▶ [Exercise description]: Everything from the line holding "南三陸町は旧志津川町と歌津町" through the last line of the records should be repeated word for word, and pictures should be omitted.

__________

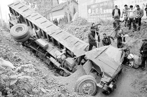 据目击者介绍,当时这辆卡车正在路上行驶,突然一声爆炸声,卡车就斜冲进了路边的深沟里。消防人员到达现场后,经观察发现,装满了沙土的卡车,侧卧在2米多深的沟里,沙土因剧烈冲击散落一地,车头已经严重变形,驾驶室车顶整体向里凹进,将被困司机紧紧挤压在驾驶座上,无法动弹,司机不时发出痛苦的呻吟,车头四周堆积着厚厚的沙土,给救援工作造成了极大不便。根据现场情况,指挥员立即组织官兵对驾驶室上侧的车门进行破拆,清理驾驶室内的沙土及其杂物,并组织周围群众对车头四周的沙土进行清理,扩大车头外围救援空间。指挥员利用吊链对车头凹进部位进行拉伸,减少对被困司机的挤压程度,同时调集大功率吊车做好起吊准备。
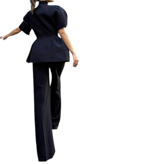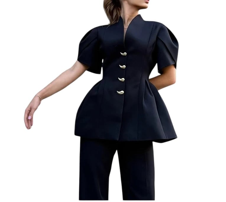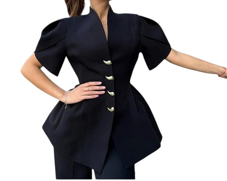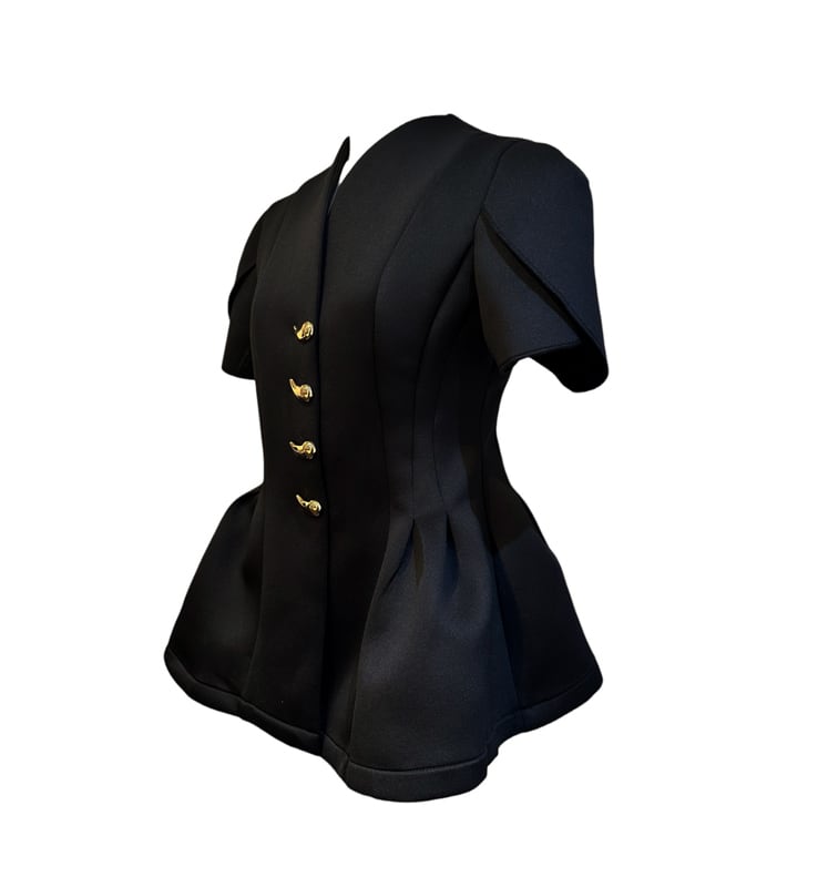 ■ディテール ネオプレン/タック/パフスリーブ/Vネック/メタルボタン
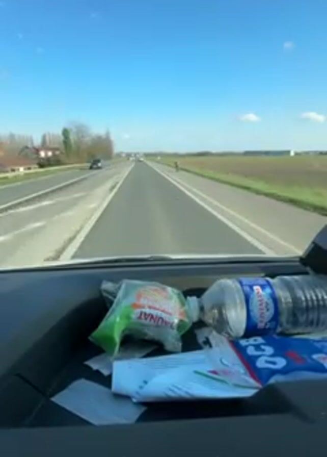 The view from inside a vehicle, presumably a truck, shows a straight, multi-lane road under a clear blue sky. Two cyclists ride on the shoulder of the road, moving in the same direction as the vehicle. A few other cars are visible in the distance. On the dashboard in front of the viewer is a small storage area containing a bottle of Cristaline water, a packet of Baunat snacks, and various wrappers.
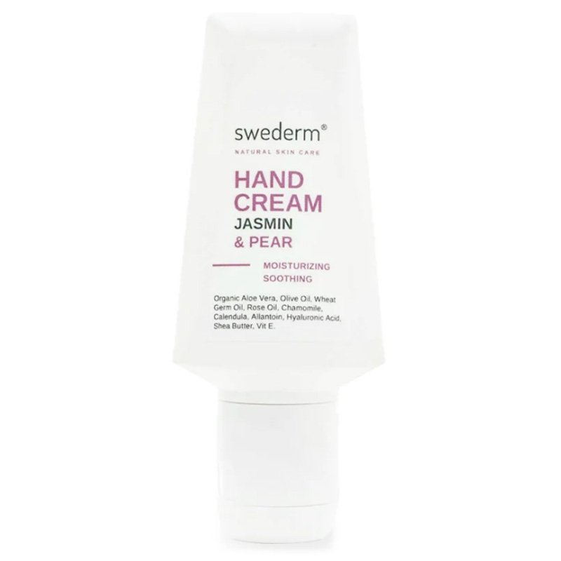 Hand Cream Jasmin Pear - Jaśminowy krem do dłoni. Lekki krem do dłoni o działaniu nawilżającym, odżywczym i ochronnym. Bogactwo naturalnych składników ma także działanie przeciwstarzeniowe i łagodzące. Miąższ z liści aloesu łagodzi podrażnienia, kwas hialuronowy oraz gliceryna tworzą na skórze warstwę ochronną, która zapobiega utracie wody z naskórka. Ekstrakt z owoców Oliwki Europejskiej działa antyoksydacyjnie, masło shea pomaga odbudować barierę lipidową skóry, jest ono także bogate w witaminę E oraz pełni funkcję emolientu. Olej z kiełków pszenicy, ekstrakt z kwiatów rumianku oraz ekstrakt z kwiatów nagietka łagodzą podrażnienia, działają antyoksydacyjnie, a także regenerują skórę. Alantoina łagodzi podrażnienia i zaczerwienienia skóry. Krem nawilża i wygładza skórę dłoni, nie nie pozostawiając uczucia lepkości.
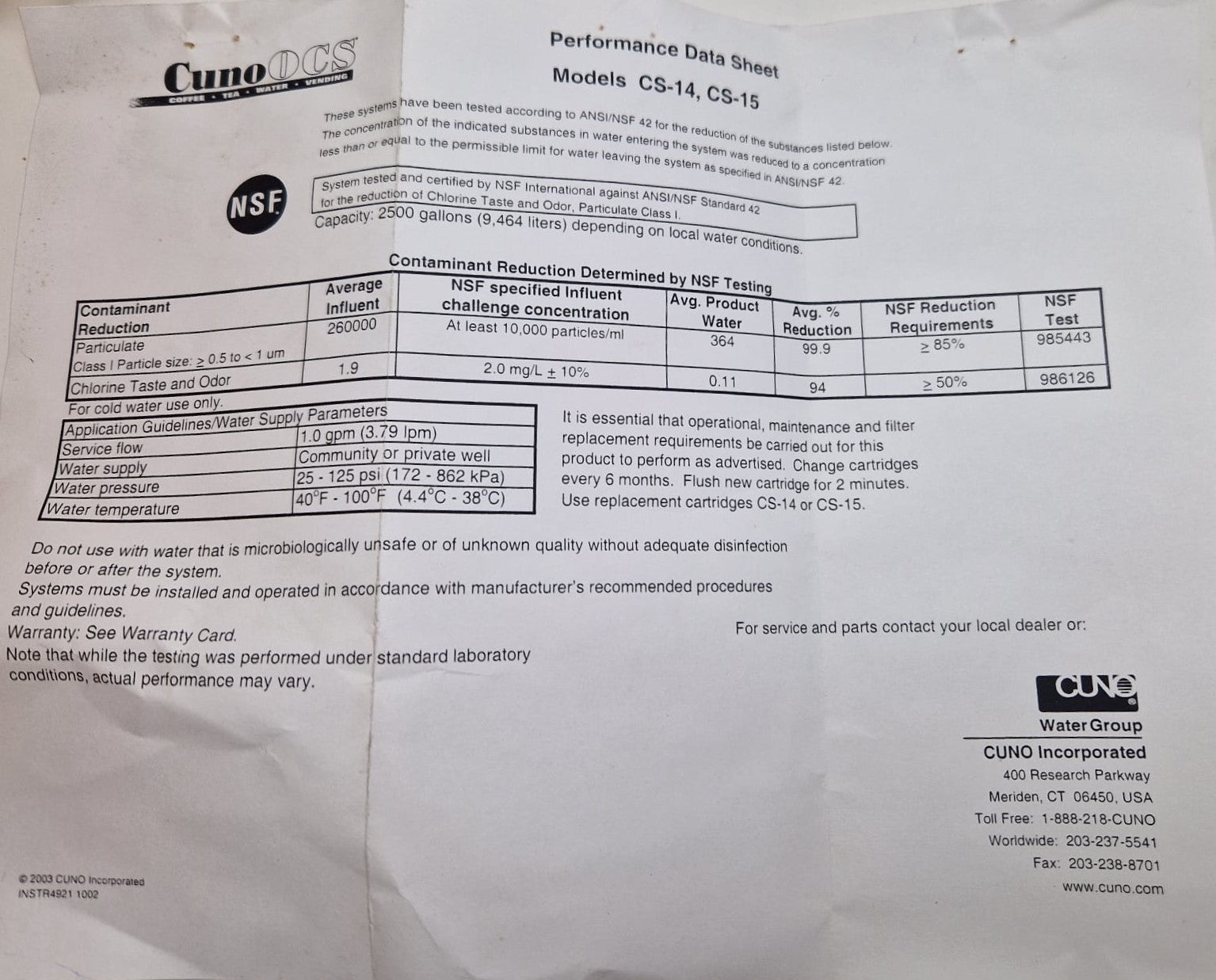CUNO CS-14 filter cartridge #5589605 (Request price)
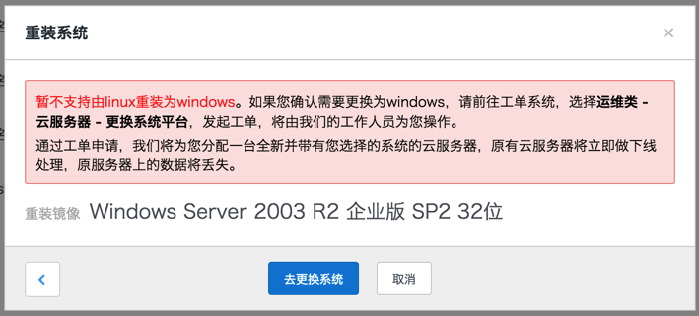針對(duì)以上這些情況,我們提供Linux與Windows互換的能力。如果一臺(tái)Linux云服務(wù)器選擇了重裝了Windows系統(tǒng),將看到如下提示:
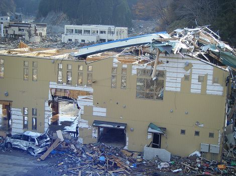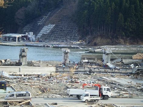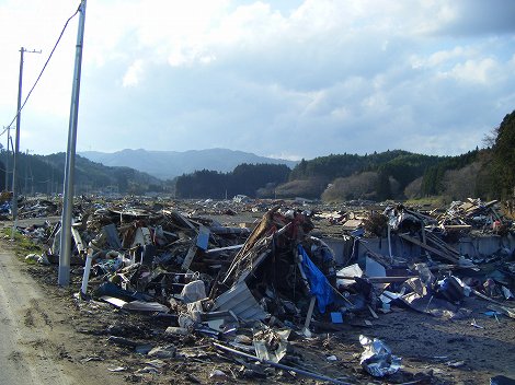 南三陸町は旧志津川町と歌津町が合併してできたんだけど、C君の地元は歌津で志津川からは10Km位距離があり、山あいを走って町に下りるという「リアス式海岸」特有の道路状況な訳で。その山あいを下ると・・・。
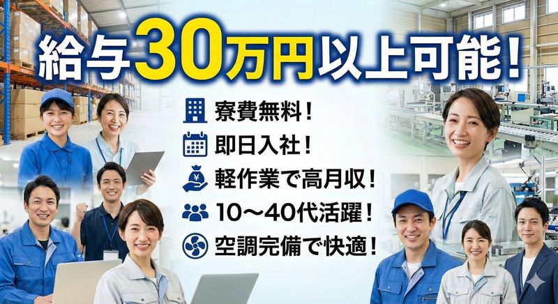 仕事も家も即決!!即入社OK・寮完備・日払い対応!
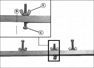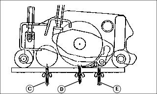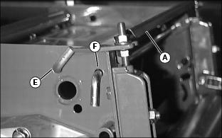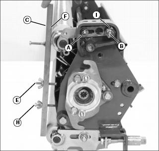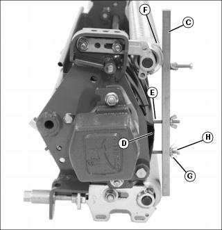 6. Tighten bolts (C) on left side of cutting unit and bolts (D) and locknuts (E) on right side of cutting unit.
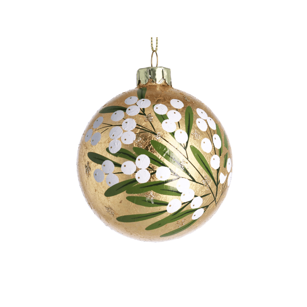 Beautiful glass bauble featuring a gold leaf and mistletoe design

__________

▶ [Task result]:
 南三陸町は旧志津川町と歌津町が合併してできたんだけど、C君の地元は歌津で志津川からは10Km位距離があり、山あいを走って町に下りるという「リアス式海岸」特有の道路状況な訳で。その山あいを下ると・・・。
 仕事も家も即決!!即入社OK・寮完備・日払い対応!
 6. Tighten bolts (C) on left side of cutting unit and bolts (D) and locknuts (E) on right side of cutting unit.
 Beautiful glass bauble featuring a gold leaf and mistletoe design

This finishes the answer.